# EXERCISE DIRECTIONS
Below is a listing. Set down exactly the lines from the one containing "GD4211GD4212 DRAGON szögletes" through the one containing "ブーツ メンズ ヒール", both ends included, and leave out the rest.

# RECORDS FOR THIS TASK
#####
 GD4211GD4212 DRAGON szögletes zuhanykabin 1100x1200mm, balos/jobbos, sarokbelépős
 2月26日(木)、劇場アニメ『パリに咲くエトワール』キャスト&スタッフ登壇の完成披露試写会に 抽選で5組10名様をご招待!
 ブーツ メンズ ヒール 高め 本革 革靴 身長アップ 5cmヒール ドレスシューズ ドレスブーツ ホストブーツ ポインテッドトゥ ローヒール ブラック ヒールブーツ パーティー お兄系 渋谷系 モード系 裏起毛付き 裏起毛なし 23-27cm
#####
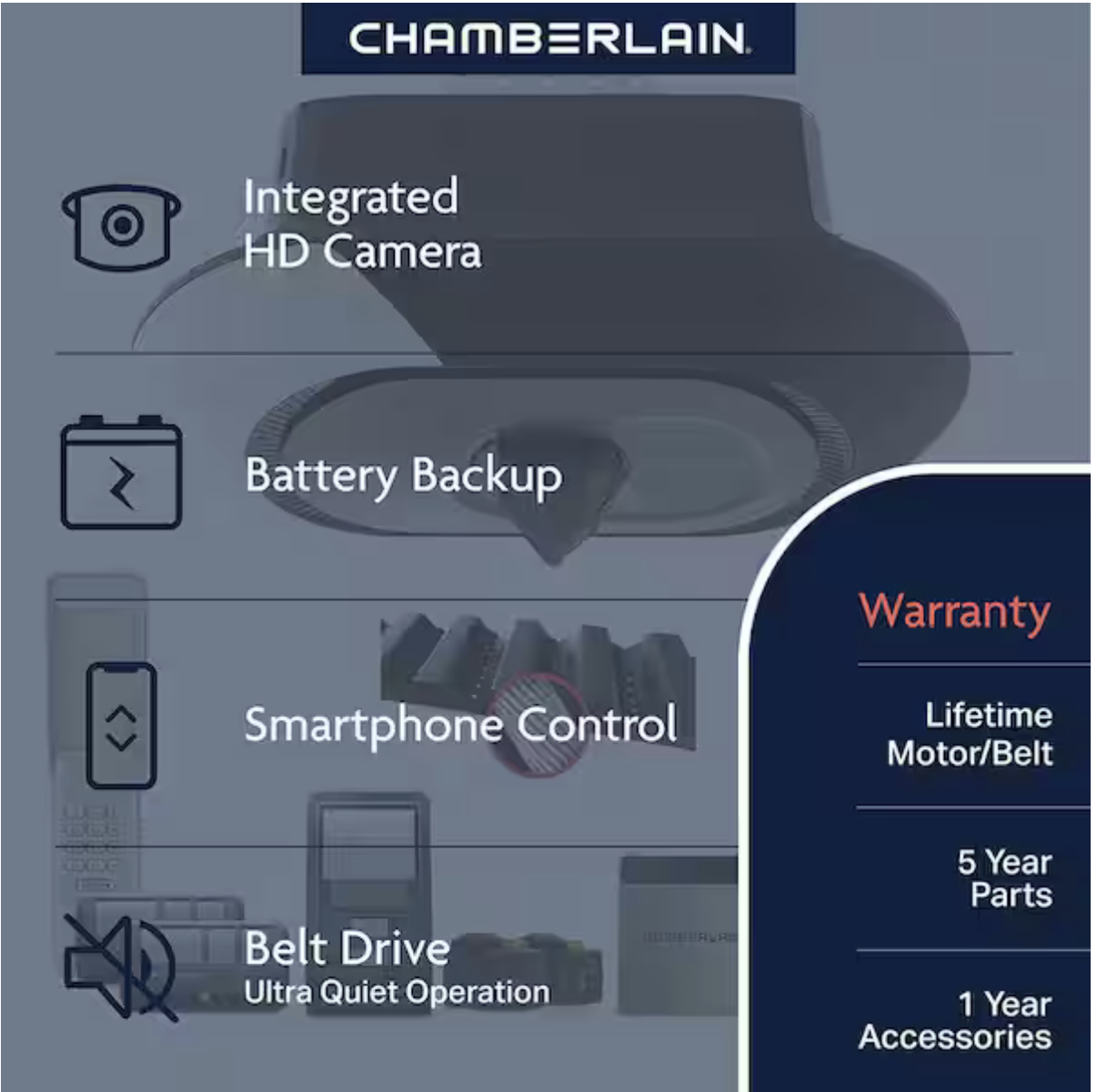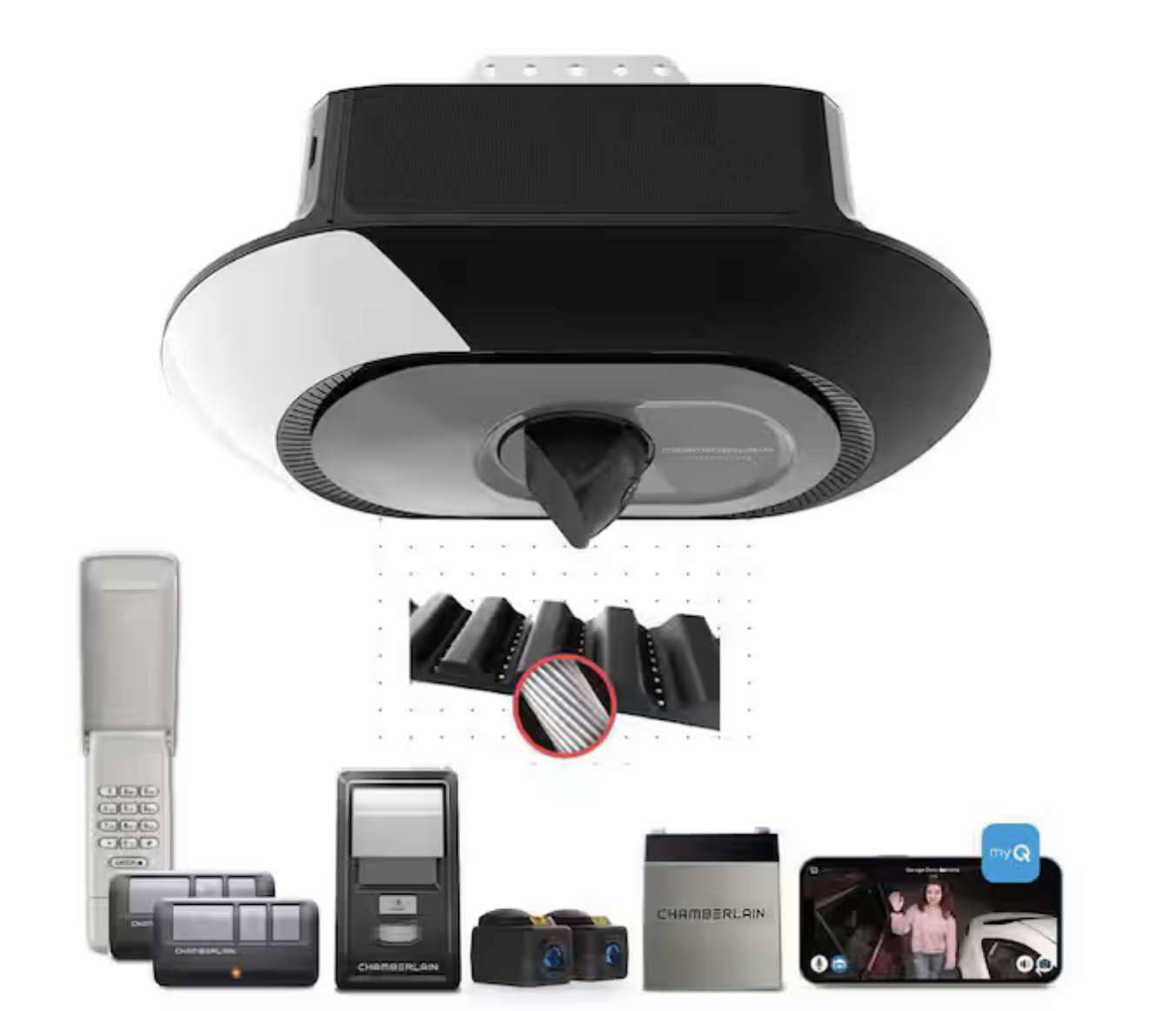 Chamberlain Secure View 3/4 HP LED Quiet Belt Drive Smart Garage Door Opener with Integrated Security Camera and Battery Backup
#####
# EXERCISE RESPONSE
 GD4211GD4212 DRAGON szögletes zuhanykabin 1100x1200mm, balos/jobbos, sarokbelépős
 2月26日(木)、劇場アニメ『パリに咲くエトワール』キャスト&スタッフ登壇の完成披露試写会に 抽選で5組10名様をご招待!
 ブーツ メンズ ヒール 高め 本革 革靴 身長アップ 5cmヒール ドレスシューズ ドレスブーツ ホストブーツ ポインテッドトゥ ローヒール ブラック ヒールブーツ パーティー お兄系 渋谷系 モード系 裏起毛付き 裏起毛なし 23-27cm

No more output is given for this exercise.